# Owners update / ? re using honors points for HGVC



## bdj604 (Mar 12, 2012)

Had our owners update this morning. Nothing new but thought I would share what we were told. Talked about the expansion of HGVC and that the real Tuscany (Italy) property was under construction. As in the case of MB and LV, HGVC is taking advantage of their financial capacity and properties that are for sale at good prices. Was offered points in either Myrtle Beach or Hawaii with MB as the "obvious" choice at $4/pt vs Hawaii at $4.6/pt. We borrowed some points from next year for the first time to use this year, so of course, we were told we needed to buy more to make up next year's gap!! When we told him that we didn't need more and we weren't sure we would be able to come for as long next year, we were reminded that you never lose points because they can be converted anytime into Honors points that don't expire.

Anyway, just thought I would pass on what HGVC is pushing these days--clearly they are trying to get MB sold. Overall, we were there less than an hour and no hard push. The comment about never losing points as we could use Honors points in the future made me wonder how easy it would be to use Honors points in HGVC. To test that, I got on the Hilton website and tried to make a reservation using Honors points and only the hotel brands are shown as options and there is no option to reserve at any HGVC. 

Has anyone used Honors points at HGVC before?
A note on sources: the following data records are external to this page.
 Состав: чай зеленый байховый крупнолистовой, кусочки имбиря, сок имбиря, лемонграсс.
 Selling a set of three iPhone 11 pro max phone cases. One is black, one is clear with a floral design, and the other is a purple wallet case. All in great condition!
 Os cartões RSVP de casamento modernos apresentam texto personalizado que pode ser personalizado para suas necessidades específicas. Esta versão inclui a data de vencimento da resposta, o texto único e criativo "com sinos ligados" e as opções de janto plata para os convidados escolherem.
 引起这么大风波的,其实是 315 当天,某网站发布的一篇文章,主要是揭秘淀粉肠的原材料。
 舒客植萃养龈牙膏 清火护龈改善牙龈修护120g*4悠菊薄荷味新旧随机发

If so, how do you access the HGVC locations?  Thanks!!


----------



## Talent312 (Mar 12, 2012)

bdj604 said:


> The comment about never losing points as we could use Honors points in the future made me wonder how easy it would be to use Honors points in HGVC. To test that, I got on the Hilton website and tried to make a reservation using Honors points and only the hotel brands are shown as options and there is no option to reserve at any HGVC.



I've only seen HGVC available on the hotel website as a cash booking. However, as I'm sure you know, converting points from HGVC to HHonors is a poor use of points. With a 1:25 ratio, 1200-HGVC can get you 3-4 days in a HGVC studio, but 30K-HH only nets 1N in a Hampton Inn. Also, you can only convert _future_ year's points and they only post in January of that year.
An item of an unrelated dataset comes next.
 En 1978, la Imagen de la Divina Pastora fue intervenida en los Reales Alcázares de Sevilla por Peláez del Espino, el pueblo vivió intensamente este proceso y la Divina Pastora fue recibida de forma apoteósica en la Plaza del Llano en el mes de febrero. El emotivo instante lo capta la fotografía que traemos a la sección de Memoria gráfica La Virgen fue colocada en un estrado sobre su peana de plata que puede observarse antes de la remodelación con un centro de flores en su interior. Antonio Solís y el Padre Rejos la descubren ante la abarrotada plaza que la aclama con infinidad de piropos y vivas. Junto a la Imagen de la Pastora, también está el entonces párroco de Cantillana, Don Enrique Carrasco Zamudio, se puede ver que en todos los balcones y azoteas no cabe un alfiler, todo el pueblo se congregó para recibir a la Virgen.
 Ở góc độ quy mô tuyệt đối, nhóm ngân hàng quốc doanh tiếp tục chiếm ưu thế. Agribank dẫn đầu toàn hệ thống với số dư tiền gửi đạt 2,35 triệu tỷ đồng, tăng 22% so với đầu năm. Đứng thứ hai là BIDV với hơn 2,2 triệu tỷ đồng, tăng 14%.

But if you do make a conversion, its better to use your HH-points for a VIP booking which begins with 4-Night stays, or hotel stays in expensive cities than trying to get back into HGVC properties.


----------



## hvacrsteve (Mar 12, 2012)

They tried to do the same math with me!
It didn't work well before, works even worse now!

I discussed their previous years devaluation of points!

I also discussed their cancellation fees and all of their ignorant fees on top of the Maintenance fees we already paid!

I told them I felt feed to death!


----------



## whatsburning (Mar 13, 2012)

Talent312 said:


> ...But if you do make a conversion, its better to use your HH-points for a VIP booking which begins with 4-Night stays, or hotel stays in expensive cities than trying to get back into HGVC properties.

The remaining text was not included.